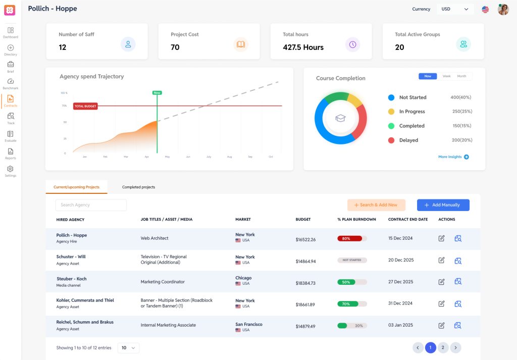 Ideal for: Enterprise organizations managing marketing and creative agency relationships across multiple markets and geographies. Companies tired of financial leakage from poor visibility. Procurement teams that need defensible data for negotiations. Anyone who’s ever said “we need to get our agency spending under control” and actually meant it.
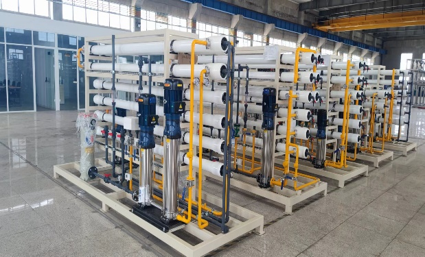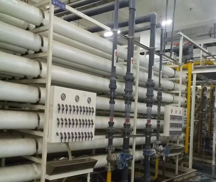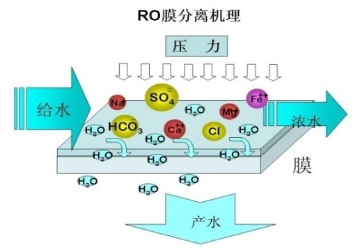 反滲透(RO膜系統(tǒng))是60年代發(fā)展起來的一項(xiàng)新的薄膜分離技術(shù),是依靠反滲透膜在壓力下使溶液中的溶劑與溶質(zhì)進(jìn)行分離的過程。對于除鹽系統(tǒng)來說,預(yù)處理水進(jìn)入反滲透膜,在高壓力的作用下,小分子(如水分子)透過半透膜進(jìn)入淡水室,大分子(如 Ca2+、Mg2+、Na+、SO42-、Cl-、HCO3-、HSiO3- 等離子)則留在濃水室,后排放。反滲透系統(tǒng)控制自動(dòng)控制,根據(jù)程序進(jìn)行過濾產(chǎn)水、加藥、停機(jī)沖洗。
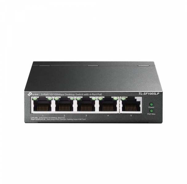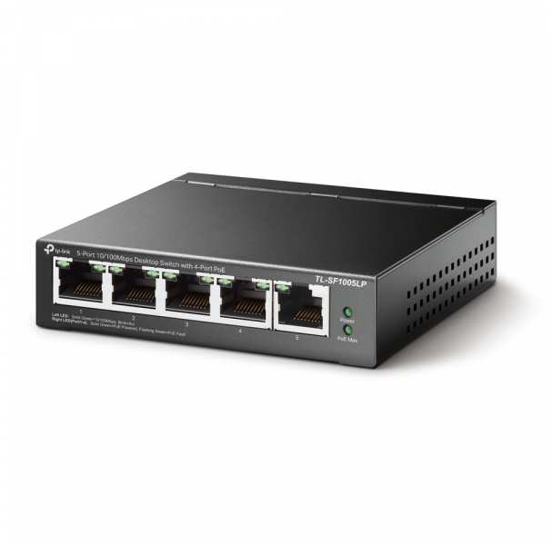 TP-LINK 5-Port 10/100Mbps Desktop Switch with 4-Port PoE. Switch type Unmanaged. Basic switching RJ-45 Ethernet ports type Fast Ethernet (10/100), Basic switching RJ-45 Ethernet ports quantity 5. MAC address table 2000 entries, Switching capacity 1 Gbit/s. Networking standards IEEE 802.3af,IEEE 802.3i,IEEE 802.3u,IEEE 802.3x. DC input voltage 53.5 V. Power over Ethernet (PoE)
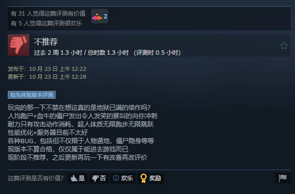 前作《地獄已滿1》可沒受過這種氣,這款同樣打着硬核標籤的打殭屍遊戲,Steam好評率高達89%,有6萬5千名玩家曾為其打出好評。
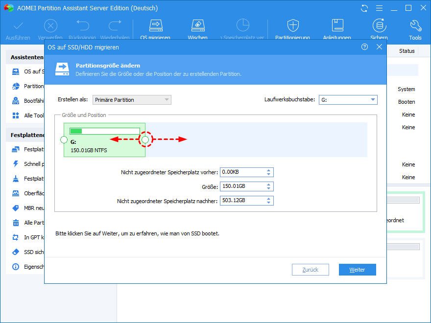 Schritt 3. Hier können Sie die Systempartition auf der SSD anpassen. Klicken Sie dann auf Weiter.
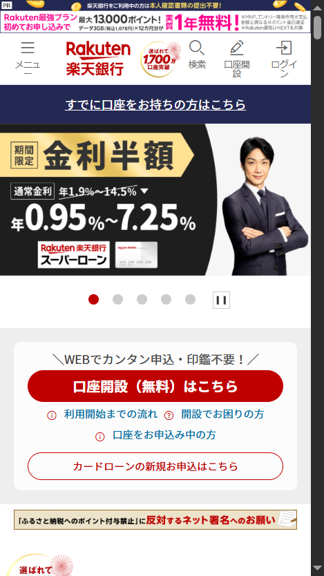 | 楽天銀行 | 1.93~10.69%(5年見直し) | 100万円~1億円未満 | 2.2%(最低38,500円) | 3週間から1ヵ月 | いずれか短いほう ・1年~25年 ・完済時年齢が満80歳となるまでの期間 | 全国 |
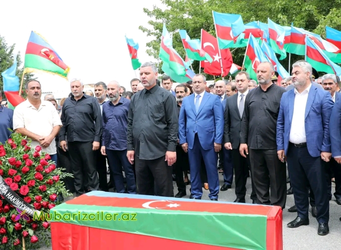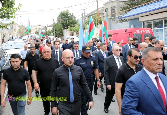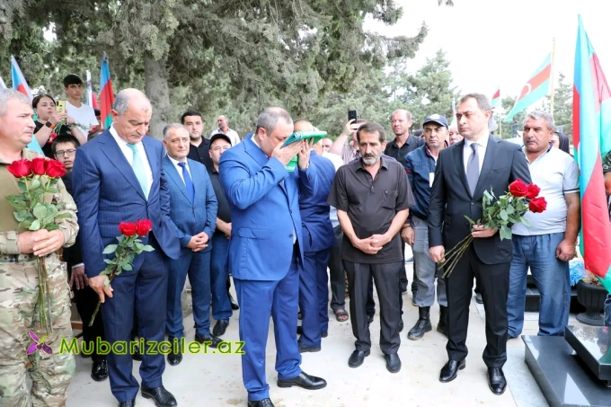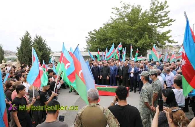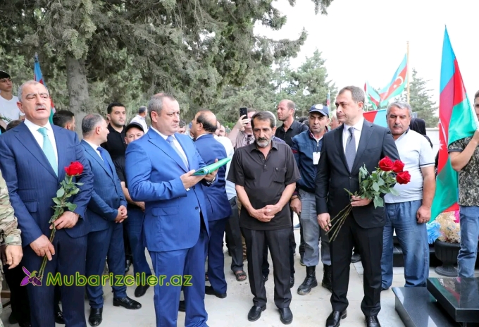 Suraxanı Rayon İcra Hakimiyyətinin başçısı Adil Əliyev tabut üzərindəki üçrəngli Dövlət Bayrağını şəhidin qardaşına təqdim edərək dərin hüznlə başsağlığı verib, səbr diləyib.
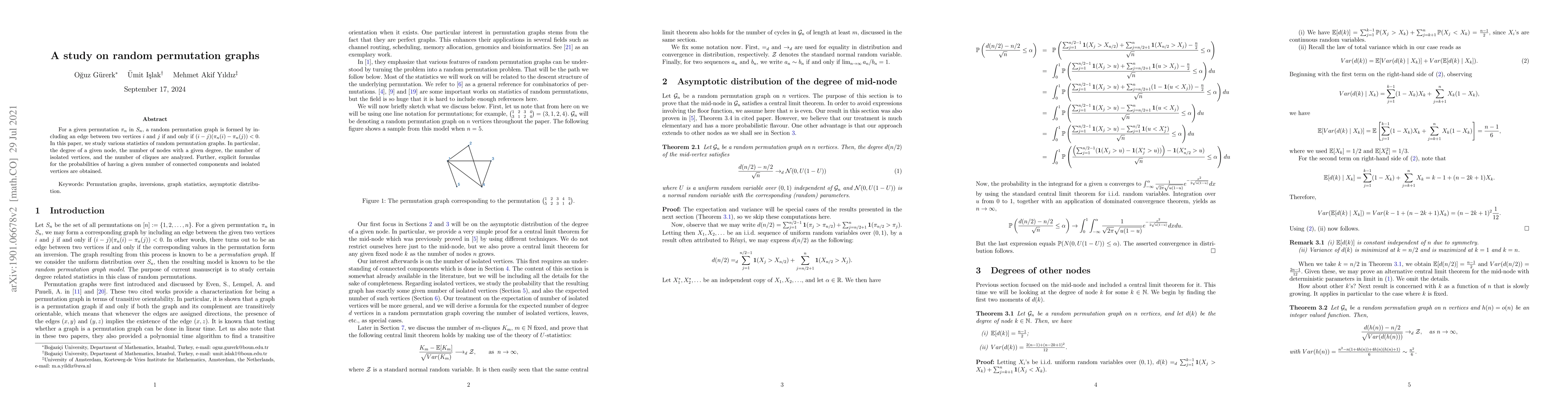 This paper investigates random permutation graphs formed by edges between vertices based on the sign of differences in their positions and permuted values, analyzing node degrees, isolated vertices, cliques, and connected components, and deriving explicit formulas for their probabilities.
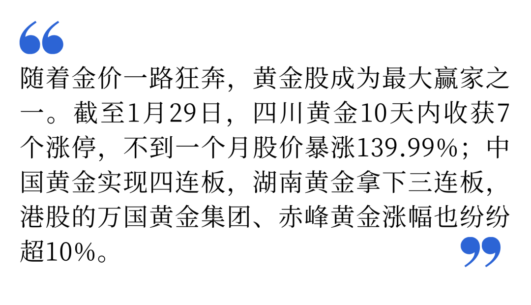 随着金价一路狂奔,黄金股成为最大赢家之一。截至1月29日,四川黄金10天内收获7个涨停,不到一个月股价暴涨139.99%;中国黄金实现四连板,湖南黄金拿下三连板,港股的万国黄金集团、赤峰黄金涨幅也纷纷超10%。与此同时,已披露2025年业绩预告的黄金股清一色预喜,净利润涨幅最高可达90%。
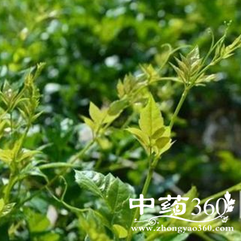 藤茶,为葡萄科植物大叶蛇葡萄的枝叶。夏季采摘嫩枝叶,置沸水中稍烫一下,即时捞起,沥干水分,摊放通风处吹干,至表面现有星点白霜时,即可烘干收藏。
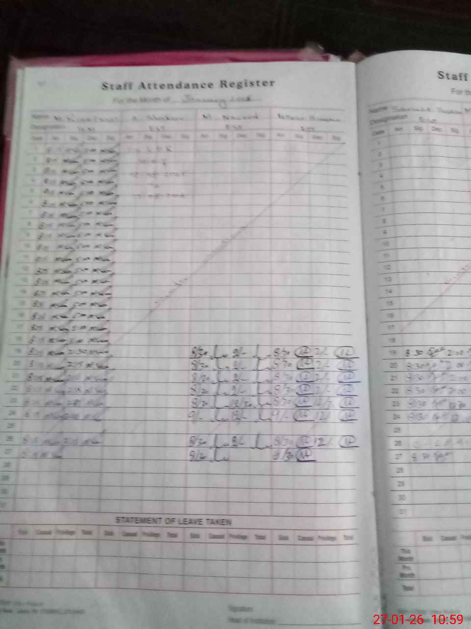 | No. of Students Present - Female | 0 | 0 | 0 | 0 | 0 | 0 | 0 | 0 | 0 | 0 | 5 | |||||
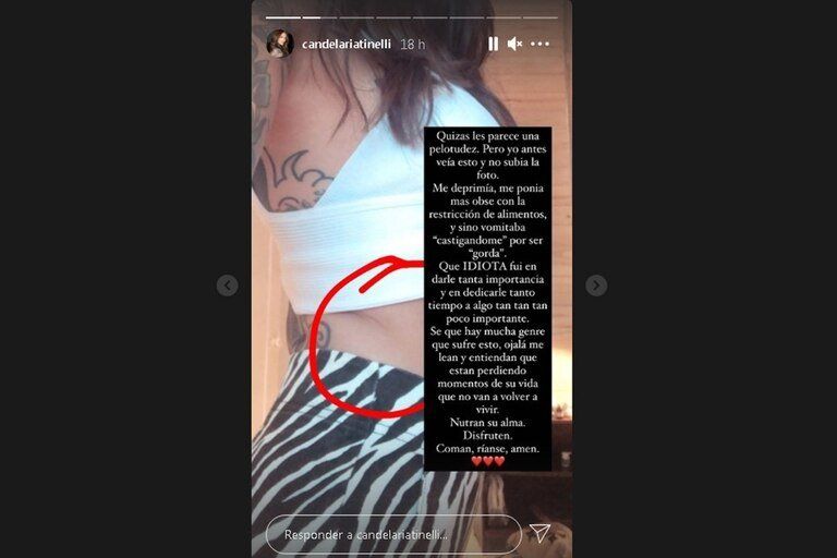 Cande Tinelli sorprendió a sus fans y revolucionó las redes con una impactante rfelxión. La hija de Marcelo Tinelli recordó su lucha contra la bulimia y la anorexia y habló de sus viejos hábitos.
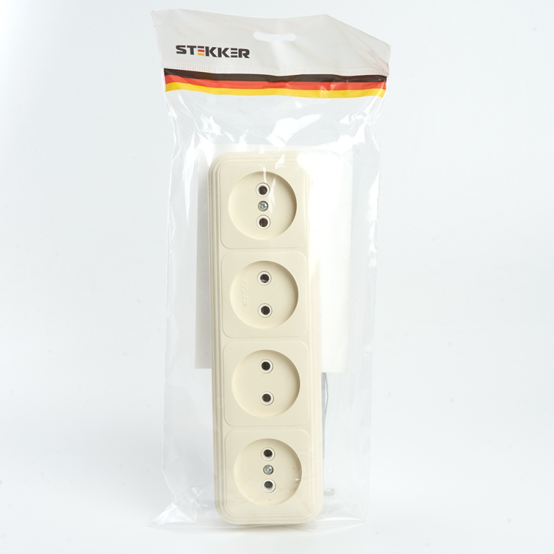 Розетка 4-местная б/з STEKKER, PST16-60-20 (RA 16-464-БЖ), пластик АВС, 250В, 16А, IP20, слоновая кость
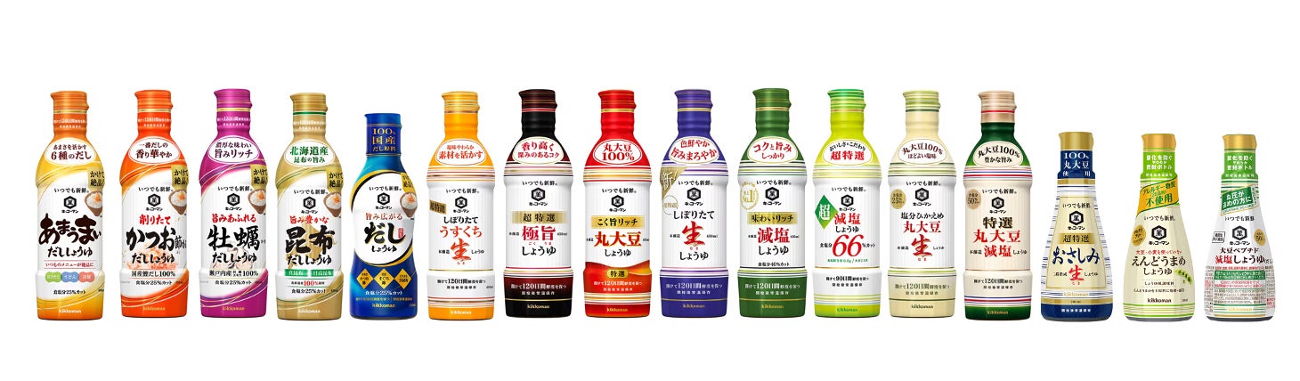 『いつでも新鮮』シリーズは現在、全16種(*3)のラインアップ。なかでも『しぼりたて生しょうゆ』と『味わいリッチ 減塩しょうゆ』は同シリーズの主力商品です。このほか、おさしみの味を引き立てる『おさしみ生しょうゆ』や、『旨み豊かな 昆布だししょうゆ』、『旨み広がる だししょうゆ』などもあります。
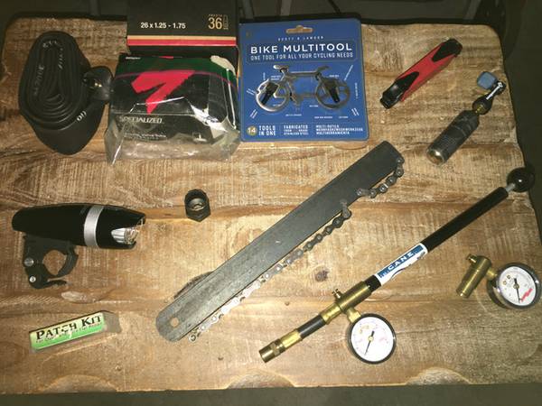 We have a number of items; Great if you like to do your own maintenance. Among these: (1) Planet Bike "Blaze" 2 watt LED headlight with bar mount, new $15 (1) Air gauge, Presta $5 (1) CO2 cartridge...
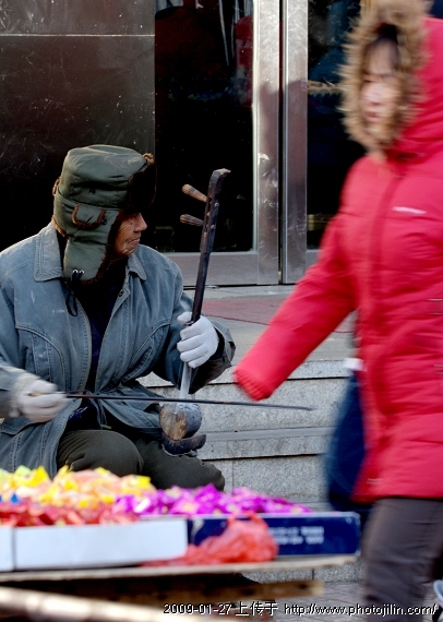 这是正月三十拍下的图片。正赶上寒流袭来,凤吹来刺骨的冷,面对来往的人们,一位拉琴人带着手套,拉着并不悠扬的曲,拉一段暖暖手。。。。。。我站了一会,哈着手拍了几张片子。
══════
◆ **What this task involves**:
This exercise needs every entry retyped exactly, with the pictures removed.

◆ **Answer section**:
 Ideal for: Enterprise organizations managing marketing and creative agency relationships across multiple markets and geographies. Companies tired of financial leakage from poor visibility. Procurement teams that need defensible data for negotiations. Anyone who’s ever said “we need to get our agency spending under control” and actually meant it.
 反滲透(RO膜系統(tǒng))是60年代發(fā)展起來的一項(xiàng)新的薄膜分離技術(shù),是依靠反滲透膜在壓力下使溶液中的溶劑與溶質(zhì)進(jìn)行分離的過程。對于除鹽系統(tǒng)來說,預(yù)處理水進(jìn)入反滲透膜,在高壓力的作用下,小分子(如水分子)透過半透膜進(jìn)入淡水室,大分子(如 Ca2+、Mg2+、Na+、SO42-、Cl-、HCO3-、HSiO3- 等離子)則留在濃水室,后排放。反滲透系統(tǒng)控制自動(dòng)控制,根據(jù)程序進(jìn)行過濾產(chǎn)水、加藥、停機(jī)沖洗。
 TP-LINK 5-Port 10/100Mbps Desktop Switch with 4-Port PoE. Switch type Unmanaged. Basic switching RJ-45 Ethernet ports type Fast Ethernet (10/100), Basic switching RJ-45 Ethernet ports quantity 5. MAC address table 2000 entries, Switching capacity 1 Gbit/s. Networking standards IEEE 802.3af,IEEE 802.3i,IEEE 802.3u,IEEE 802.3x. DC input voltage 53.5 V. Power over Ethernet (PoE)
 前作《地獄已滿1》可沒受過這種氣,這款同樣打着硬核標籤的打殭屍遊戲,Steam好評率高達89%,有6萬5千名玩家曾為其打出好評。
 Schritt 3. Hier können Sie die Systempartition auf der SSD anpassen. Klicken Sie dann auf Weiter.
 | 楽天銀行 | 1.93~10.69%(5年見直し) | 100万円~1億円未満 | 2.2%(最低38,500円) | 3週間から1ヵ月 | いずれか短いほう ・1年~25年 ・完済時年齢が満80歳となるまでの期間 | 全国 |
 Suraxanı Rayon İcra Hakimiyyətinin başçısı Adil Əliyev tabut üzərindəki üçrəngli Dövlət Bayrağını şəhidin qardaşına təqdim edərək dərin hüznlə başsağlığı verib, səbr diləyib.
 This paper investigates random permutation graphs formed by edges between vertices based on the sign of differences in their positions and permuted values, analyzing node degrees, isolated vertices, cliques, and connected components, and deriving explicit formulas for their probabilities.
 随着金价一路狂奔,黄金股成为最大赢家之一。截至1月29日,四川黄金10天内收获7个涨停,不到一个月股价暴涨139.99%;中国黄金实现四连板,湖南黄金拿下三连板,港股的万国黄金集团、赤峰黄金涨幅也纷纷超10%。与此同时,已披露2025年业绩预告的黄金股清一色预喜,净利润涨幅最高可达90%。
 藤茶,为葡萄科植物大叶蛇葡萄的枝叶。夏季采摘嫩枝叶,置沸水中稍烫一下,即时捞起,沥干水分,摊放通风处吹干,至表面现有星点白霜时,即可烘干收藏。
 | No. of Students Present - Female | 0 | 0 | 0 | 0 | 0 | 0 | 0 | 0 | 0 | 0 | 5 | |||||
 Cande Tinelli sorprendió a sus fans y revolucionó las redes con una impactante rfelxión. La hija de Marcelo Tinelli recordó su lucha contra la bulimia y la anorexia y habló de sus viejos hábitos.
 Розетка 4-местная б/з STEKKER, PST16-60-20 (RA 16-464-БЖ), пластик АВС, 250В, 16А, IP20, слоновая кость
 『いつでも新鮮』シリーズは現在、全16種(*3)のラインアップ。なかでも『しぼりたて生しょうゆ』と『味わいリッチ 減塩しょうゆ』は同シリーズの主力商品です。このほか、おさしみの味を引き立てる『おさしみ生しょうゆ』や、『旨み豊かな 昆布だししょうゆ』、『旨み広がる だししょうゆ』などもあります。
 We have a number of items; Great if you like to do your own maintenance. Among these: (1) Planet Bike "Blaze" 2 watt LED headlight with bar mount, new $15 (1) Air gauge, Presta $5 (1) CO2 cartridge...
 这是正月三十拍下的图片。正赶上寒流袭来,凤吹来刺骨的冷,面对来往的人们,一位拉琴人带着手套,拉着并不悠扬的曲,拉一段暖暖手。。。。。。我站了一会,哈着手拍了几张片子。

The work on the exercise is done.